We are often tempted to drink soft drinks and even 'healthy' sports aids bought from vending machines at the gym, but medical evidences show that they can ruin our health in the long run.
Experts say even moderate consumption of sugary soft drinks - a can a day, or just two a week - may alter our metabolism so that we pile on weight.
The drinks also appear to increase the risk of heart disease, liver failure and hypertension.
In children, soft drinks have been linked to addict-like cravings, as well as twisting kids' appetites so they hunger for junk food, the Daily Mail reported.
Sugary soft drinks come in numerous guises - from 'innocuous' fizzy elderflower to 'health' drinks such as Lucozade and 'sports' beverages like Gatorade.
Last week, a study by Bangor University and published in the European Journal Of Nutrition suggested soft drinks can cause weight gain and long-term health problems if drunk every day for as little as a month.
It reported that soft drinks actually alter metabolism, so that our muscles use sugar for energy instead of burning fat. ot only do we pile on weight, but our metabolism becomes less efficient and less able to cope with rises in blood sugar, which increases the risk of type 2 diabetes, said the researchers.
"Having seen all the medical evidence, I don't touch soft drinks now.
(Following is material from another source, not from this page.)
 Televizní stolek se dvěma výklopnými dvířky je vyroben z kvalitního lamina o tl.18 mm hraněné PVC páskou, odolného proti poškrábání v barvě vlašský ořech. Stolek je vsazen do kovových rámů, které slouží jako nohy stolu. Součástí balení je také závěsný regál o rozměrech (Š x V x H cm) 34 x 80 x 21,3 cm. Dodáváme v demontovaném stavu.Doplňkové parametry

I think drinks with added sugar are, frankly, evil," said Dr Hans-Peter Kubis, a biological scientist and expert in exercise nutrition who led the research.
The Bangor study is not the only one that linked soft drinks and serious health problems.
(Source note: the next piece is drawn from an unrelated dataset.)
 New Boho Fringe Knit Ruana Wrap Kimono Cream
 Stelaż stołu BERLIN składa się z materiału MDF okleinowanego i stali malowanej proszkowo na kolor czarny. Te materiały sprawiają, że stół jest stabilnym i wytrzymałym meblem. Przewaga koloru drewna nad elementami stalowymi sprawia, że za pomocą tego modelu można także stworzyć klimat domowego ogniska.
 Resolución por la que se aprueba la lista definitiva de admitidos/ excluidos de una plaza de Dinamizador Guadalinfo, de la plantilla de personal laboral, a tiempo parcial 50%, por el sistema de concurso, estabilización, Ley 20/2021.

Earlier in March, a study has warned that men who drink a standard 12oz can of sugar-sweetened beverage every day have a 20 per cent higher risk of heart disease compared to men who don't drink any sugar-sweetened drinks.
The research was published in the American Heart Association's journal, Circulation.
Another study reported in the journal Cancer Epidemiology, Biomarkers and Prevention found just two carbonated drinks (330ml each) every week appears to double the risk of pancreatic cancer.
Meanwhile, soft drinks with high levels of fruit juice may cause severe long-term liver damage, according to an Israeli study.
People who drank two cans of these drinks a day were five times more likely to develop fatty liver disease - a precursor to cirrhosis and liver cancer.
In the Journal of Hepatology, the lead investigator, Dr Nimer Assy, warned high levels of fructose fruit sugar in the drinks can overwhelm the liver, leading it to accumulate fat.
Perhaps most disturbing is the picture emerging from various studies that suggest sugary drinks expose children to a perfect storm of obesity threats.
Four years ago, researchers at University College London's Health Behaviour Research Centre found drinking soft drinks makes children aged around 11 want to drink more often, even when they're not actually thirsty - and that their preference is for more sugary drinks.
More recent research suggested fizzy drinks might sway children's tastes towards high-calorie, high-salt food.
And a study in the British Dental Journal found four cans of fizzy drink a day increased the risk of tooth erosion by 252 per cent.